GOAL OF THE EXERCISE: When copying the data below, keep only the lines from the one with "Щетка чашечная со" through the one with "Don't miss out", word for word, and skip the pictures.

━━━ GIVEN ENTRIES ━━━

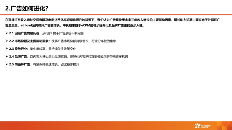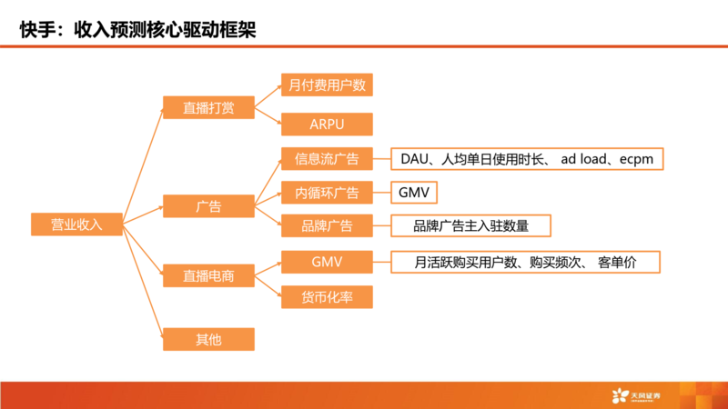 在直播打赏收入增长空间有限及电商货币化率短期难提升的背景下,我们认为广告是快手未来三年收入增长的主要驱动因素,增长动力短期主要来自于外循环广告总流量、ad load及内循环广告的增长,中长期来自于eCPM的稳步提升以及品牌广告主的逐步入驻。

━━━
━━━ GIVEN ENTRIES ━━━

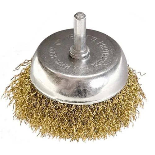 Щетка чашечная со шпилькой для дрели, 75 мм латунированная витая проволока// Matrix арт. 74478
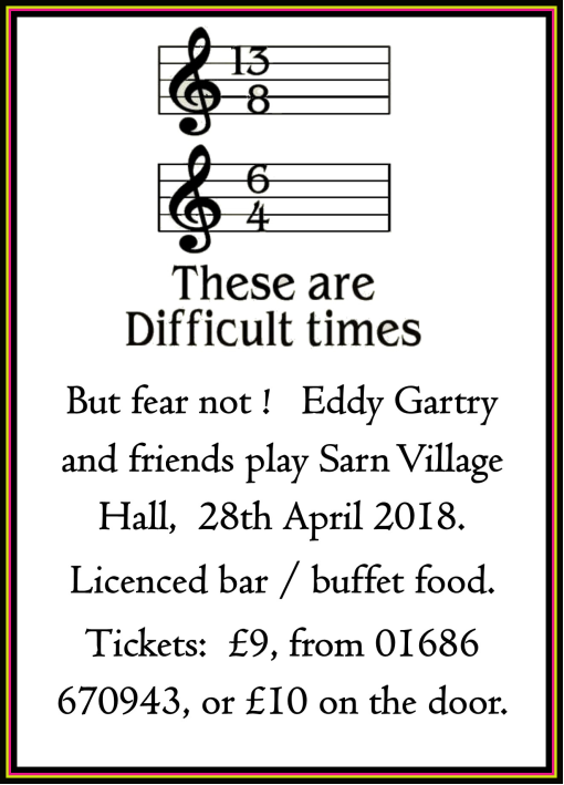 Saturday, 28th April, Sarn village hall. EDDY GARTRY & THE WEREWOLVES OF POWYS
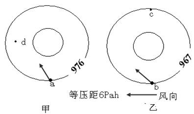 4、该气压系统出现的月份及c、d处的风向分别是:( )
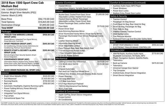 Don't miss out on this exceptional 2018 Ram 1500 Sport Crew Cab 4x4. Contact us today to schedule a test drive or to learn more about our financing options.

━━━
━━━ GIVEN ENTRIES ━━━

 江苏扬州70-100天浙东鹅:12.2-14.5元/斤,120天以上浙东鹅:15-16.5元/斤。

━━━

RESPONSE TO THIS TASK:
 Щетка чашечная со шпилькой для дрели, 75 мм латунированная витая проволока// Matrix арт. 74478
 Saturday, 28th April, Sarn village hall. EDDY GARTRY & THE WEREWOLVES OF POWYS
 4、该气压系统出现的月份及c、d处的风向分别是:( )
 Don't miss out on this exceptional 2018 Ram 1500 Sport Crew Cab 4x4. Contact us today to schedule a test drive or to learn more about our financing options.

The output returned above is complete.